[Pacemaker] Large cluster

Fri Jan 6 03:43:30 EST 2012

Hi,

On Thu, Jan 5, 2012 at 6:43 PM, Graantik <graantik at gmail.com> wrote:
> Hi all,
>
> I have a task that I think can logically be implemented using a
> pacemaker/corosync cluster with many nodes (e.g. 15) and maybe thousand or
> more resources. Most of the resources are parametrized processes controlled
> by a custom resource agent. The resources are added and removed dynamically,
> typically many (e.g. 100) at one time.
>
> My first tests in a VM environment show that - even after some tuning of
> lrmd max-children and custom-batch-limit, optimizing the RA and having the
> processes idle - adding so many resources in one step (xml based) appears to
> bring the cluster to its knees, i.e. nodes become unresponsive, DC and other
> nodes have very high load, and the operation takes an hour or longer.
>
> Does this mean that the design limit of this software/hardware is reached or
> are there ways like tuning or best practices to make such a scenario work?

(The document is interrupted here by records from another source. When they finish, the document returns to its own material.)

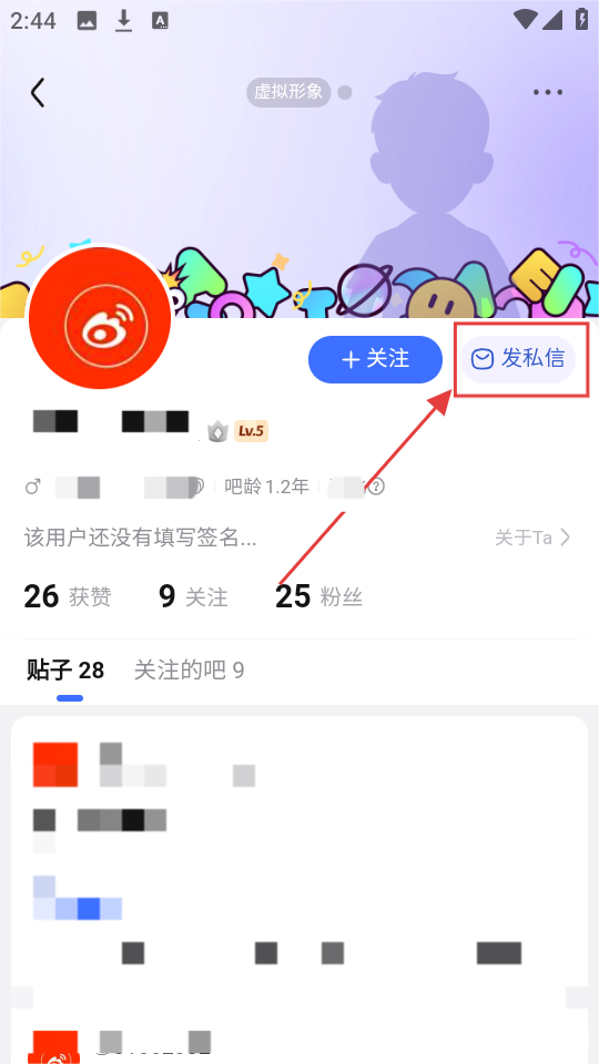 3、进入吧友个人主页后,找到【发私信】按钮点击,就能进入私信聊天界面啦。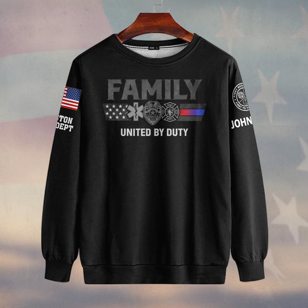 Custom Name & Department First Responder Family United By Duty #DQH0483 – Sweatshirt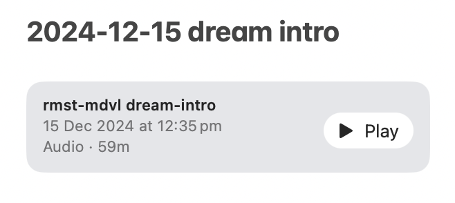 Friday 13 December: exam (another, unrelated, course). That night and the next one, I sleep a lot; the traditional cyclical December crashing, body-enforced rest, and recovery. I wake up around noon on Saturday 15 having had a vivid dream about teaching the first class. It’s very clear and detailed. I know that I can’t write it all down fast enough, so I record it. At nearly an hour long, it’s the perfect length for an 80-minute class. I’m tempted to play this to my students in our first session.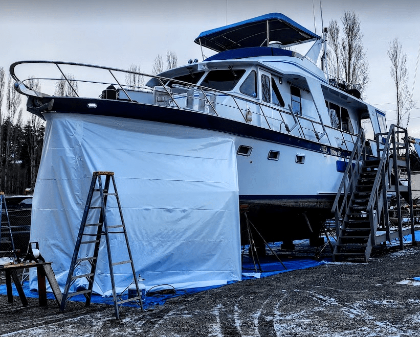 Why, one might ask? Well… we were off to the Port Townsend Co-Op to have a new bow thruster installed. So what if it’s 24 degrees with snow and ice on the ground… WE WANT A NEW THRUSTER!!

In terms of performance testing on large clusters there is an article
that may be interesting to read
http://theclusterguy.clusterlabs.org/post/1241986422/large-cluster-performance

In the article it talks about using 10000 resources, so it's higher
than your use case, you can take away from it the timings that you
have had and the ones presented there and go from there.

Bare in mind that when dealing with so many resources and nodes it
might help to tweak certain things, such as the maximum message size
for corosync (the article mentions using 256k), timeouts in corosync
token might have to be increased, as high load on the systems may
delay replies in network traffic, and also having to sync the CIB onto
~15 nodes as you mentioned means that you _should_ use multicast,
switches must support igmp snooping and have it enabled and properly
configured, the entire cluster should be in a separate vlan, or have
some form of dedicated network, to ensure not only throughput but also
latency and to prevent interference of other network traffic, etc.

>
> Are there known implementations of comparable size?

In terms of nodes, most I know of are clusters of ~10-12 nodes, in
terms of resources, not that I know of.

HTH,
Dan

>
> Thanks
> Gerhard
>
>
> _______________________________________________
> Pacemaker mailing list: Pacemaker at oss.clusterlabs.org
> http://oss.clusterlabs.org/mailman/listinfo/pacemaker
>
> Project Home: http://www.clusterlabs.org
> Getting started: http://www.clusterlabs.org/doc/Cluster_from_Scratch.pdf
> Bugs: http://bugs.clusterlabs.org
>

-- 
Dan Frincu
CCNA, RHCE